Oldest living conjoined twins, Lori and George Schappell, die at 62


FILE - In this July 8, 2003 photo, Lori, left, and George Schappell, conjoined twins, are photographed in their Reading, Pa., apartment. (John A. Secoges/Reading Eagle via AP, File)

READING, Pennsylvania, Apr 14: Conjoined twins Lori and George Schappell, who pursued separate careers, interests and relationships during lives that defied medical expectations, died this month in Pennsylvania, according to funeral home officials. They were 62.

The twins, listed by Guinness World Records as the oldest living conjoined twins, died April 7 at the Hospital of the University of Pennsylvania, according to obituaries posted by Leibensperger Funeral Homes of Hamburg. The cause of death was not detailed.

“When we were born, the doctors didn’t think we’d make 30, but we proved them wrong,” Lori said in an interview when they turned 50, The Philadelphia Inquirer reported. George came out as transgender in 2007.

The twins, born Sept. 18, 1961, in West Reading, Pennsylvania, had distinct brains but were joined at the skull. George, who had spina bifida and was 4 inches shorter, was wheeled around by Lori on an adaptive wheeled stool. Despite each having to go where the other went, it was “very important” to both “to live as independently as possible,” the obituary said.
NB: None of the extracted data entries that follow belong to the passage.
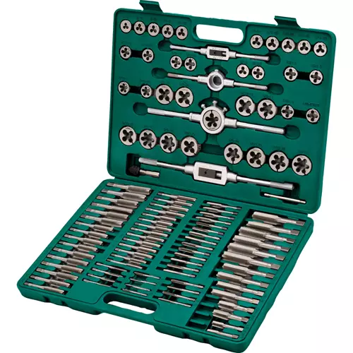 This 110-piece tap and die set includes popular SAE, metric, machine, and NPT sizes to achieve precision threading requirements for both internal and external threads. It includes both bottoming and plug taps, as well as the corresponding dies of the same size.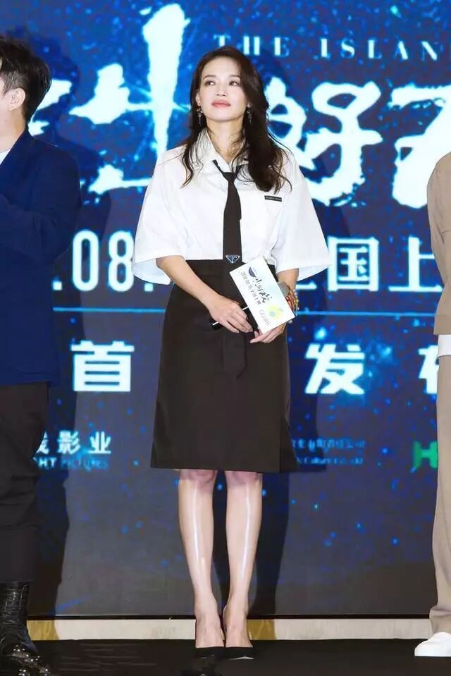 舒淇這一身打扮穿的很經典,不過她這氣質,愣是穿成了校服的感覺呢,難怪有人說她24歲也有人相信呢!oversize的短袖白襯衫,前面松松地打了個領帶,特有架式兒。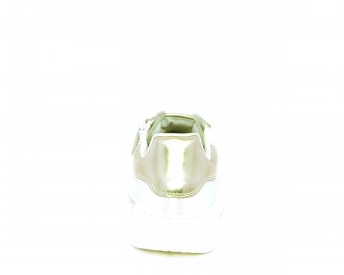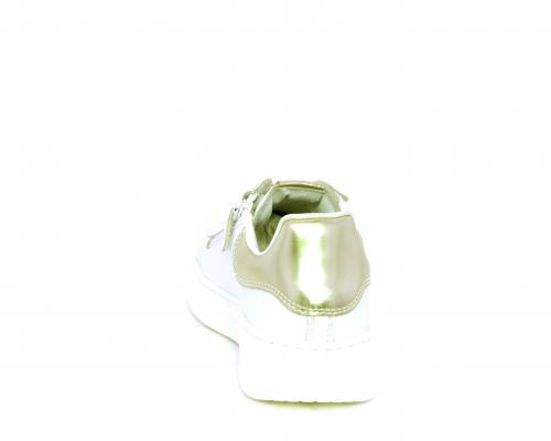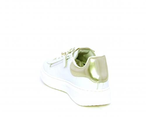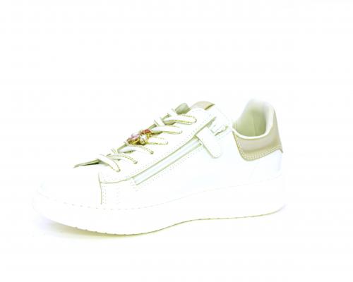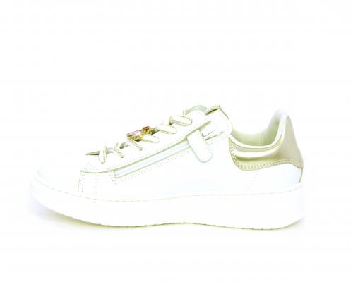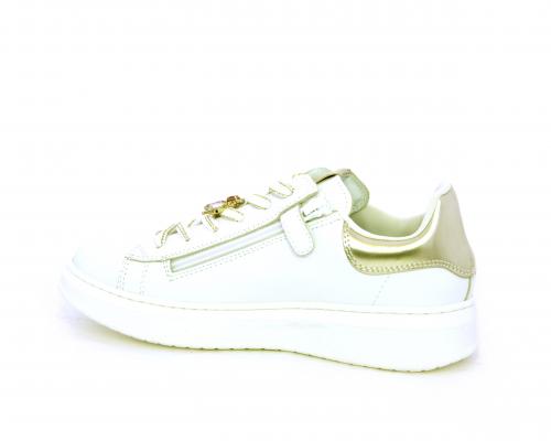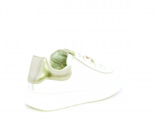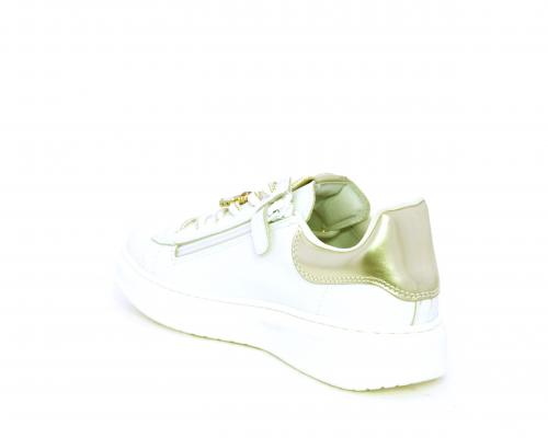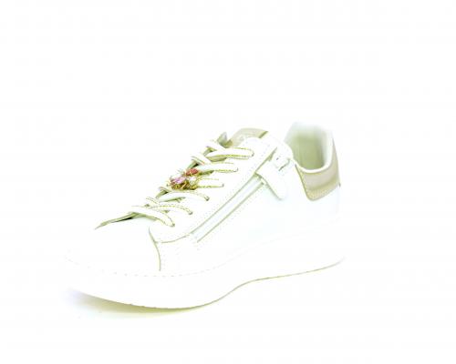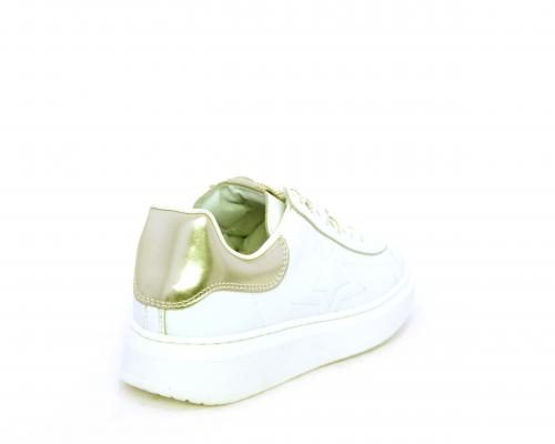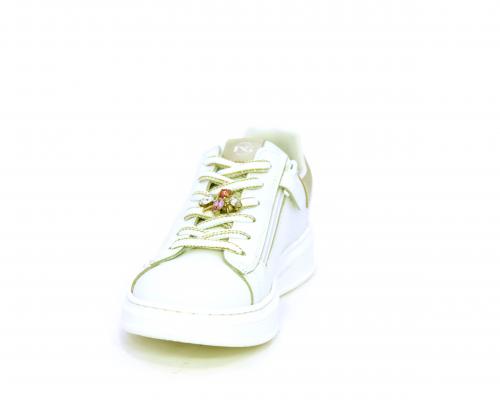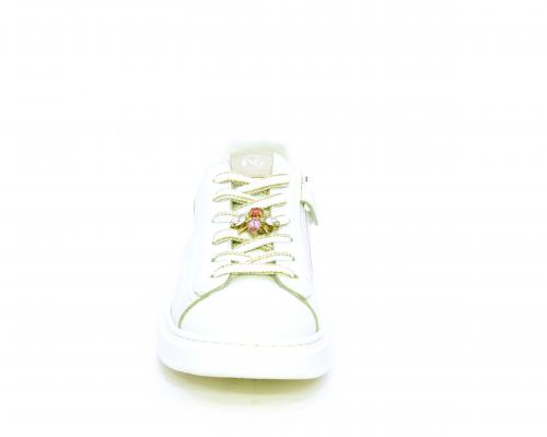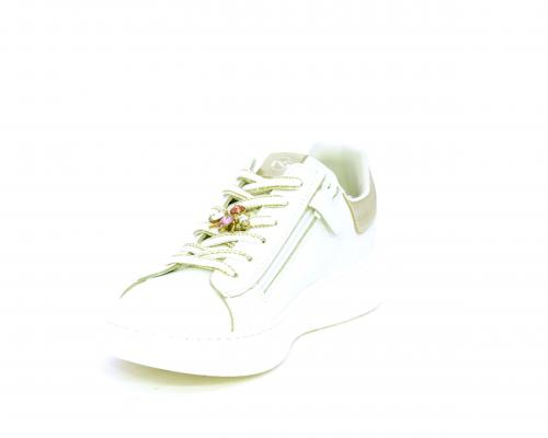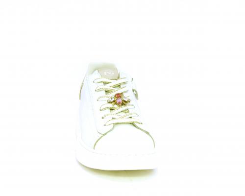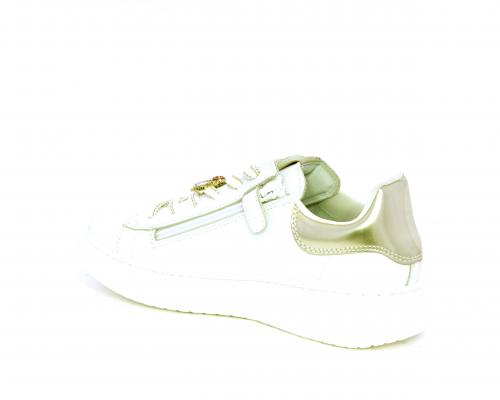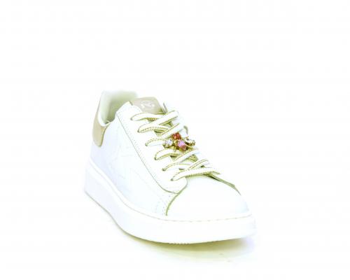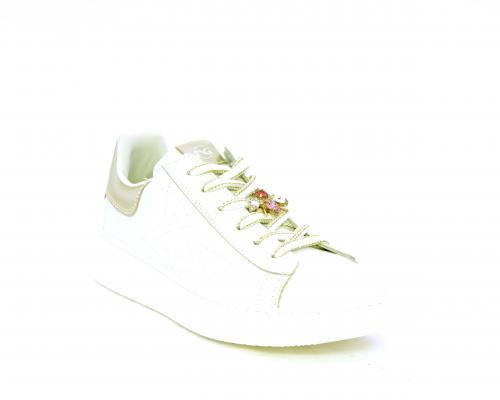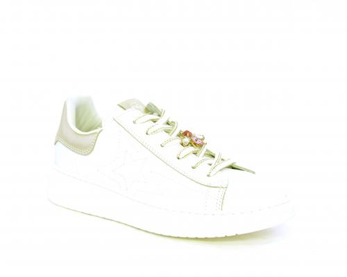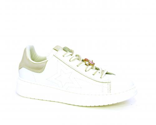 Scarpa con lacci e chiusura laterale per facilitare la calzata, tomaia con cuciture laterali a forma di stella e accessorio in swaroski sui lacci, cuscinetto in tessuto nella parte interna intorno alla caviglia, sottopiede e fodera interna in pelle, fusbet estraibile.

Both graduated from a public high school and took college classes. George went along for six years as Lori worked in a hospital laundry. Lori — “a trophy-winning bowler,” according to the obituary notice — gave up the job in 1996 so her sibling could launch a country music career.

“Since the age of 24, they have maintained their own residence and have travelled extensively,” the obituary notice said. Over the years, they appeared in many documentaries and talk shows, as well as in an episode of the FX medical drama “Nip/Tuck.”

The Philadelphia Inquirer reported that Lori was once engaged to be married but that her fiance died in an automobile accident.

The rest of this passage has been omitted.